I was lucky enough to get together for dinner and beer with old friends a few weeks ago. Between the 4 of us, we’ve been involved in or responsible for a lot of stuff you use every day, or at least know about.
Supercomputers, minicomputers, PCs, Macs, Newton, smart phones, game consoles, automotive engine controllers and safety systems, secure passport chips, DRAM interfaces, netbooks, and a bunch of processor architectures: Alpha, PowerPC, Sparc, MIPS, StrongARM/XScale, x86 64-bit, and a bunch of other ones you haven’t heard of (um – most of those are mine, like TriCore). Basically if you drive a European car, travel internationally, use the Internet , if you play video games, or use a smart phone, well… you’re welcome.
Why do I tell you this? Well – first I’m name dropping – I’m always stunned I can call these guys friends and be their peers. But more importantly, we’ve all been in this industry as architects for about 30 years. Of course our talk went to what’s going on today. And we all agree that we’ve never seen more changes – inflexions – than the raft unfolding right now. Maybe its pressure from the recession, or maybe un-naturally pent up need for change in the ecosystem, but change there is.

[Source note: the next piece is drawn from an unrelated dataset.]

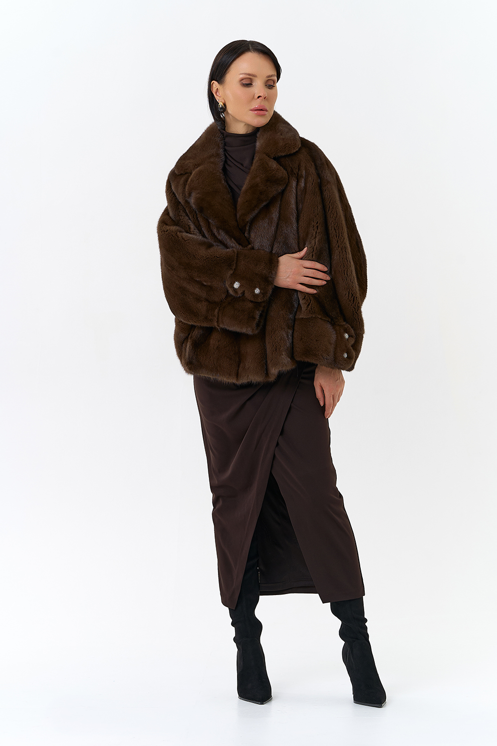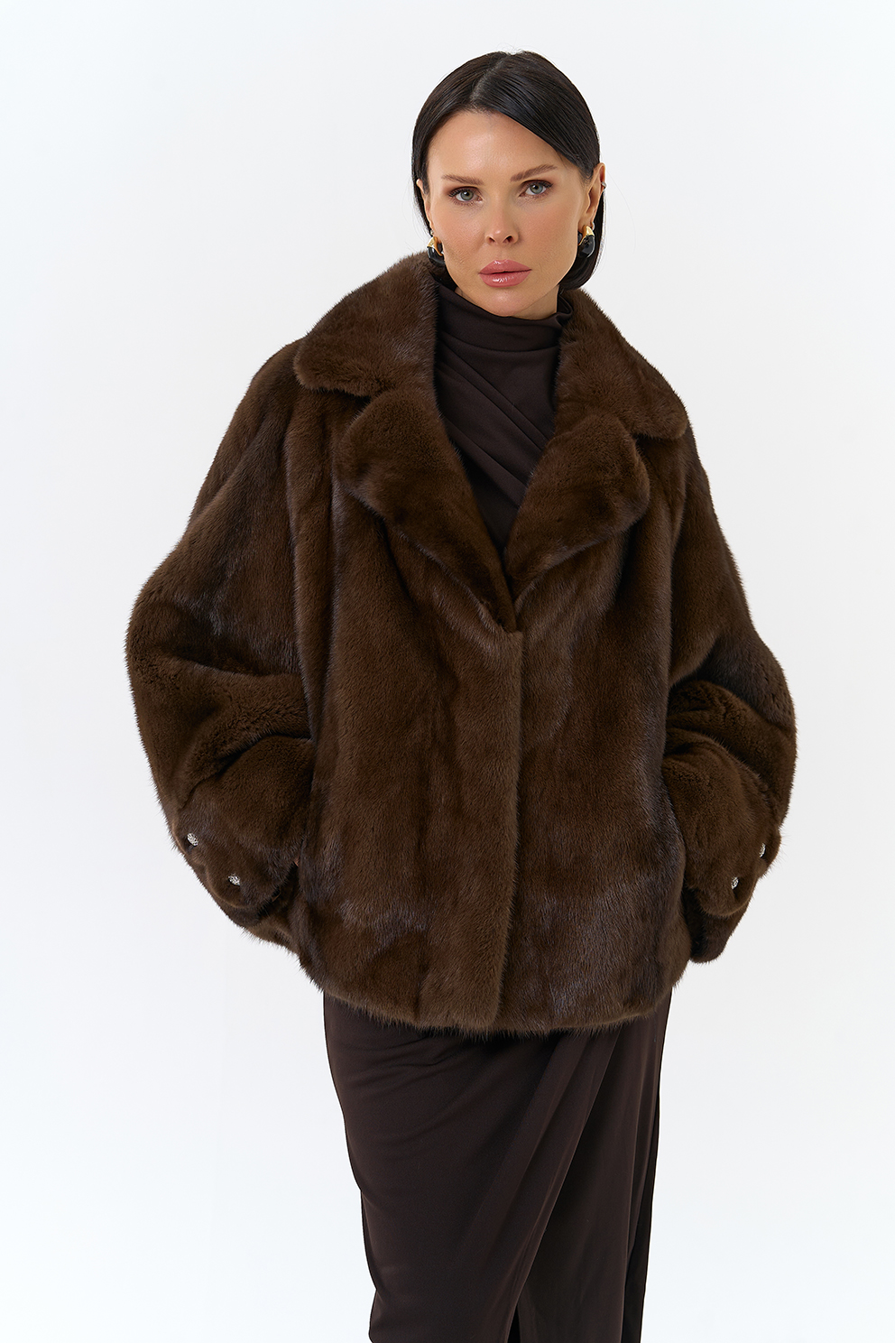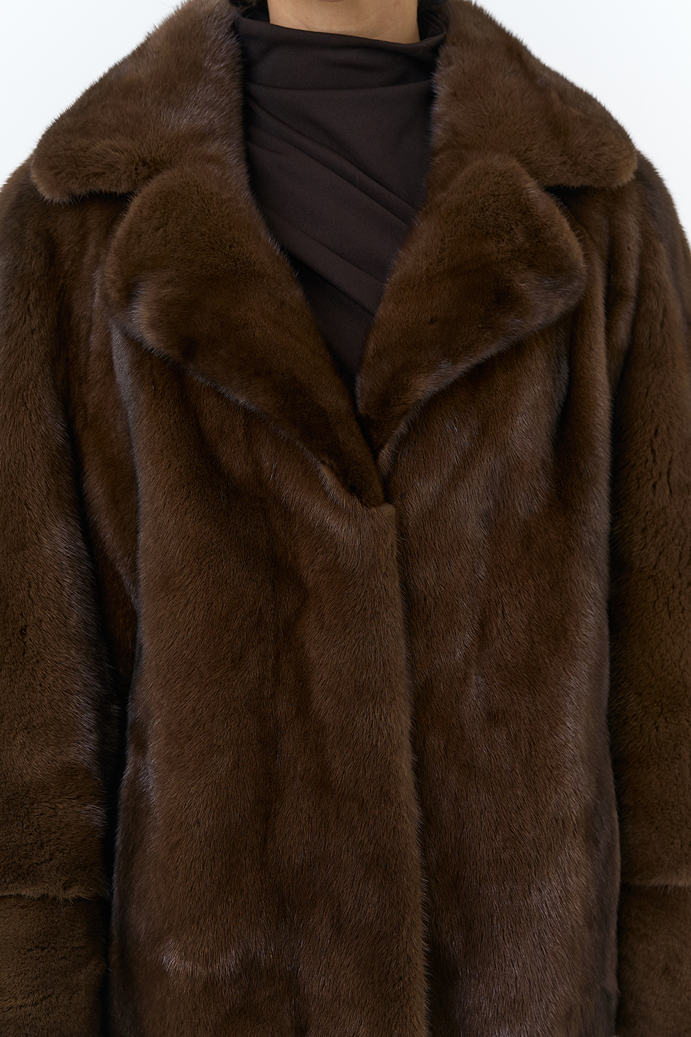 Укороченная шуба из меха норки (коричневый)

Changes in who drives innovation, what’s needed, the companies on top and on bottom at every point in the food chain, who competes with whom, how workloads have changed from compute to dataflow, software has moved to opensource, how abstracted code is now from processor architecture, how individual and enterprise customers have been revolting against the “old” ways, old vendors, old business models, and what the architectures look like, how processors communicate, and how systems are purchased, and what fundamental system architectures look like. But not much besides that…
Ok – so if you’re an architect, that’s as exciting as it gets (you hear it in my voice – right ?), and it makes for a lot of opportunities to innovate and create new or changed businesses. Because innovation is so often at the intersection of changing ways of doing things. We’re at a point where the changes are definitely not done yet. We’re just at the start. (OK – now try to imagine a really animated 4-way conversation over beers at the Britannia Arms in Cupertino… Yea – exciting.)

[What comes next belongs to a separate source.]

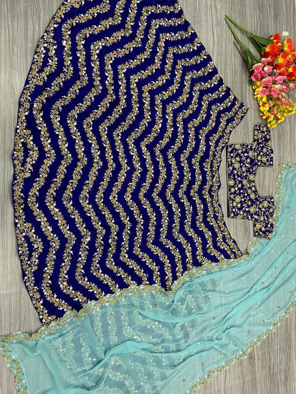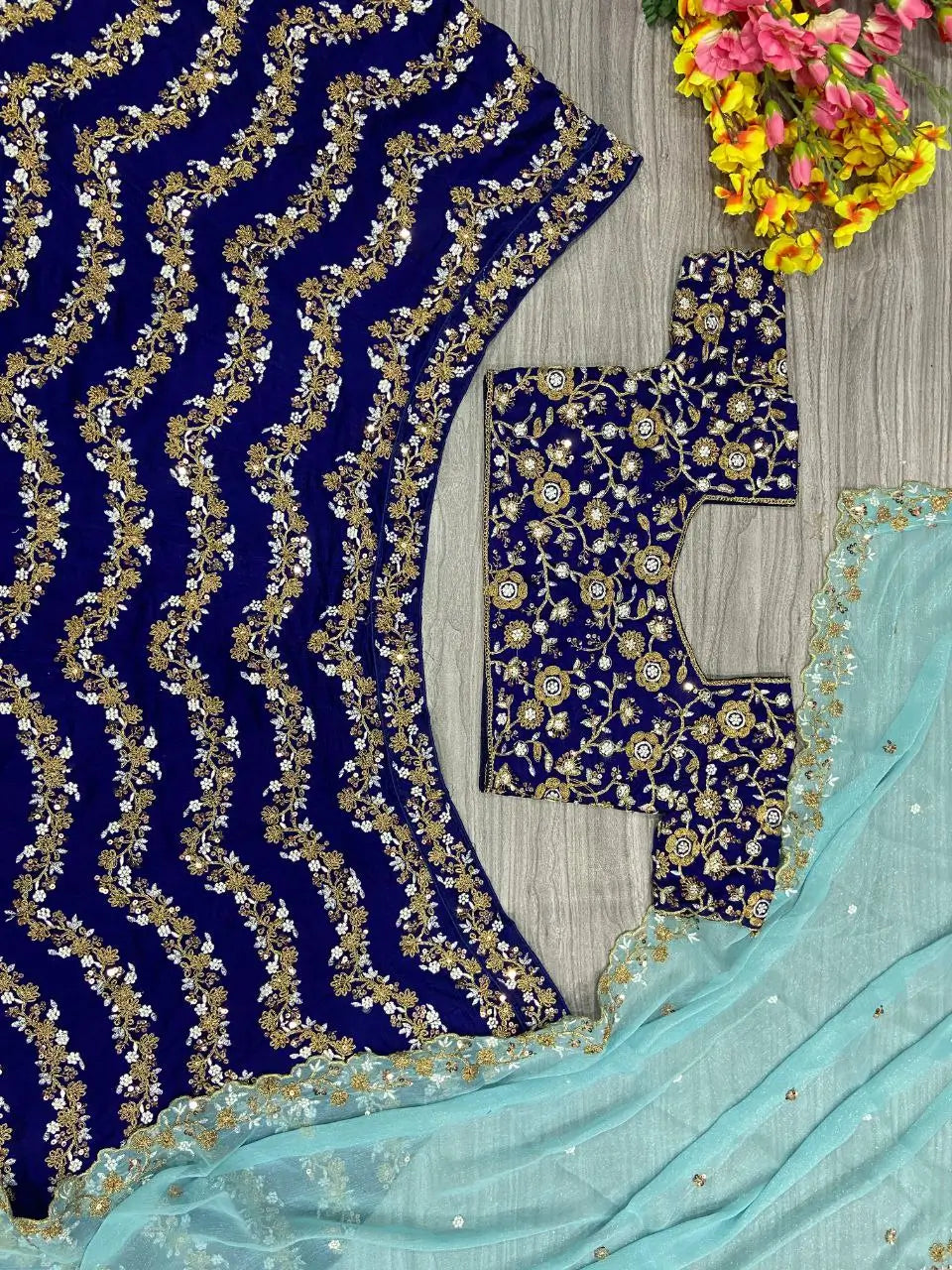 Navy Blue Chinnon Silk Lehenga With Coding Sequins And Embroidery Work

I’m going to focus on just one sliver of the market – but it’s important to me – and that’s enterprise IT. I think the changes are as much about business models as technology.

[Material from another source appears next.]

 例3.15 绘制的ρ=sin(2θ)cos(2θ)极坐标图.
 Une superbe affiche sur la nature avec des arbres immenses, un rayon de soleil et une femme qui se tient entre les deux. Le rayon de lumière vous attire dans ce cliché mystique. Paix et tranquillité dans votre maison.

Hyperscale datacenters drive innovation
I’ll start in a strange place. Hyperscale datacenters (think social media, search, etc.) and the scale of deployment changes the optimization point. Most of us starting to get comfortable with rack as the new purchase quantum. And some of us are comfortable with the pod or container as the new purchase quantum. But the hyperscale dataenters work more at the datacenter as the quantum. By looking at it that way, they can trade off the cost of power, real estate, bent sheet metal, network bandwidth, disk drives, flash, processor type and quantity, memory amount, where work gets done, and what applications are optimized for. In other words, we shifted from looking at local optima to looking for global optima. I don’t know about you, but when I took operations research in university, I learned there was an unbelievable difference between the two – and global optima was the one you wanted…
Hyperscale datacenters buy enough (top 6 are probably more than 10% of the market today) that 1) they need to determine what they deploy very carefully on their own, and 2) vendors work hard to give them what they need.
That means innovation used to be driven by OEMs, but now it’s driven by hyperscale datacenters and it’s driven hard. That global optimum? It’s work/$ spent. That’s global work, and global spend. It’s OK to spend more, even way more on one thing if over-all you get more done for the $’s you spend.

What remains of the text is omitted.